Our findings substantiate the hypothesis of an ancient connection between the different populations of the Franco-Cantabrian region and a further genetic link to the Mesolithic populations of the area. Previous mtDNA data strongly suggested that the migrations that repopulated much of western and northern Europe originated from southwestern Europe, essentially from the Franco-Cantabrian refuges [7], [8]. According to these studies, the resettlement of Europe would have basically involved haplogroups V, H1, H3 and U5b, which would have arisen in the region. As we have seen, in this study we could identify the existence of some specific maternal lineages for haplogroups V and U5b. Yet, because U5b1f, J1c5c and V22 seem to be autochthonous lineages, their potential role in the Paleolithic expansion processes is difficult to ascertain. Unfortunately, the European mtDNA landscape still remains partially unexplored at the level of complete mtDNA genomes, so it is neither possible to track the geographic distribution of any specific lineage across Europe at the highest level of resolution nor to find a definite genetic connection with any other European population. In this regard, dissection of haplogroup H, the predominant clade of European populations, has evidenced the urgent need for a thorough revision of each phylogenetic group to decipher the real distribution pattern of the maternal gene pool [26]. A plausible scenario to account for the lack of clear geographic distribution patterns could be linked to large-scale human migrations in Europe, documented by both the archaeological records and historical accounts. The numerous and repeated regional migratory waves since the Neolithic era might have had the same impact on the European gene pool as the Mesolithic-Neolithic transition [50]. Therefore, post-Neolithic migrations and the potential effect of stochastic evolutionary processes could partially account for the extinction of some specific mitochondrial lineages in Europe, whereas the demographic events could have affected, to a lesser extent, the populations living in the Franco-Cantabrian fringe.

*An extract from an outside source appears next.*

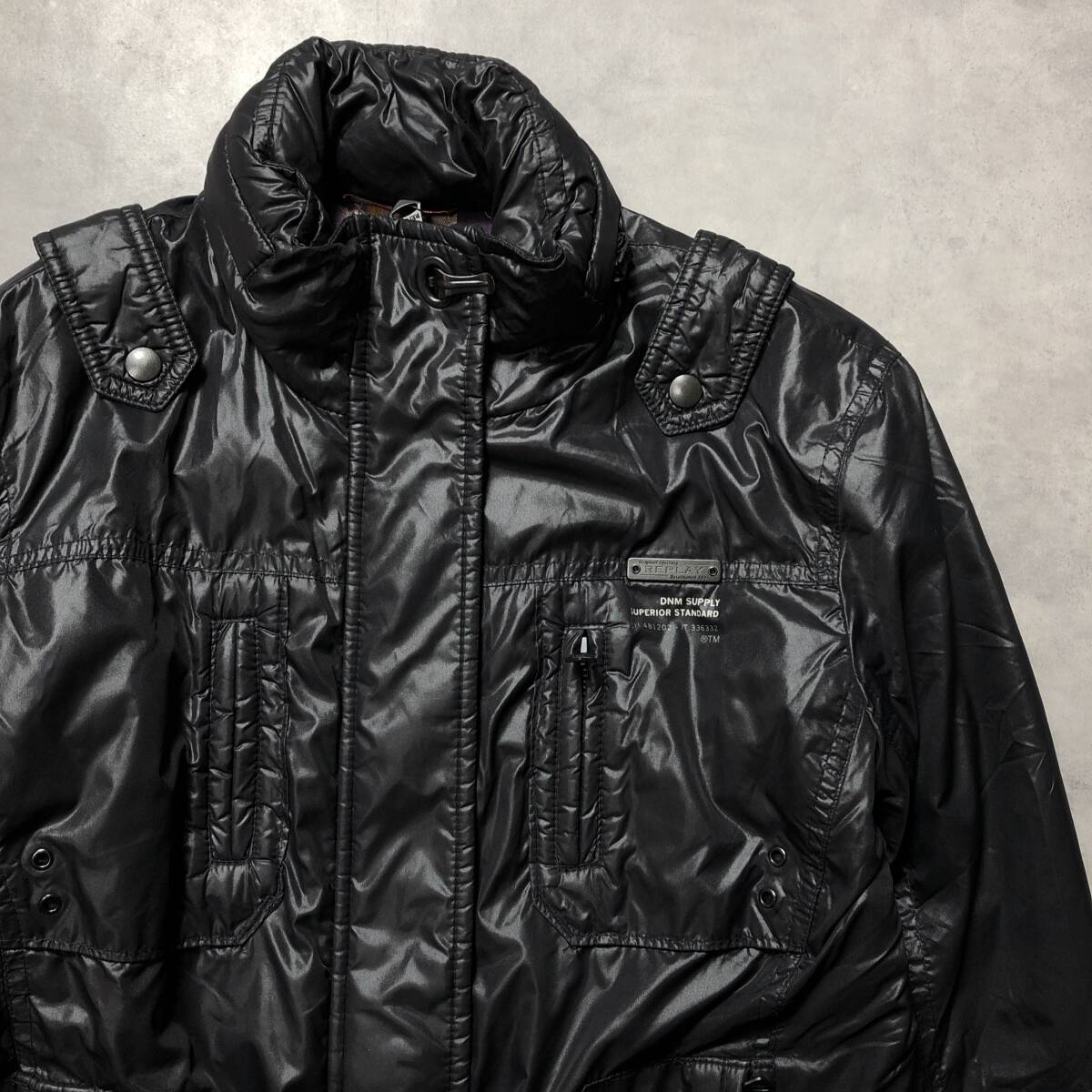 商品名 :WQ756●REPLAY:フード付き中綿ナイロンミリタリージャケット ●M●黒 裏地チェック リプレイ

This study provides the most complete autochthonous mtDNA phylogeny of the Franco-Cantabrian region constructed to date, which has allowed the identification and characterization of several haplogroups specific to the human groups inhabiting this geographic area. As such, we propose maternal lineages U5b1f, J1c5c1 and V22 as autochthonous of the Franco-Cantabrian region and, more specifically, of the Basque population. Findings on haplogroup distribution increase the number of autochthonous female genetic lineages of the region known hitherto. The cluster of specific haplogroups with a putative pre-Neolithic origin (including H lineages) accounts by now for at least 35% of the mtDNA variation in the targeted area, which substantiates the claim of a predominant Paleolithic genetic substrate in extant European populations. Overall, these results give further support to the notion that the autochthonous populations currently inhabiting this region show perceptible signals of genetic continuity with Mesolithic hunter-gatherer groups that took refuge in the Franco-Cantabrian fringe during the last glacial and postglacial periods of Europe.

Materials and Methods

We sampled an extensive collection of 487 autochthonous individuals from different Basque regions. Selection criteria were mainly the Basque origin of the surnames of the voluntary donors, and the geographical origins of their parents and grandparents within the Basque area. Participants were carefully selected by the authors in the field to avoid inclusion of relatives in the sample. As for Ethics Statement, the study met with the approval of the Health Department of the Government of the Chartered Community of Navarre and the Scientific and Ethical Committee of the Basque Biobank for Research-OEHUN. All the samples were obtained under approved protocols according to the Declaration of Helsinki from individuals who gave their written informed consent prior to their inclusion in the study. These samples corresponded to four different regions from the Iberian Peninsula (Biscay, Guipuzcoa, Alava and northern Navarre) and Iparralde (French Basque Country). Owing to the historical evolution of the Basque language, especially in the Spanish Basque territory, we did not consider a prerequisite that donors and their ancestors had Basque as mother tongue.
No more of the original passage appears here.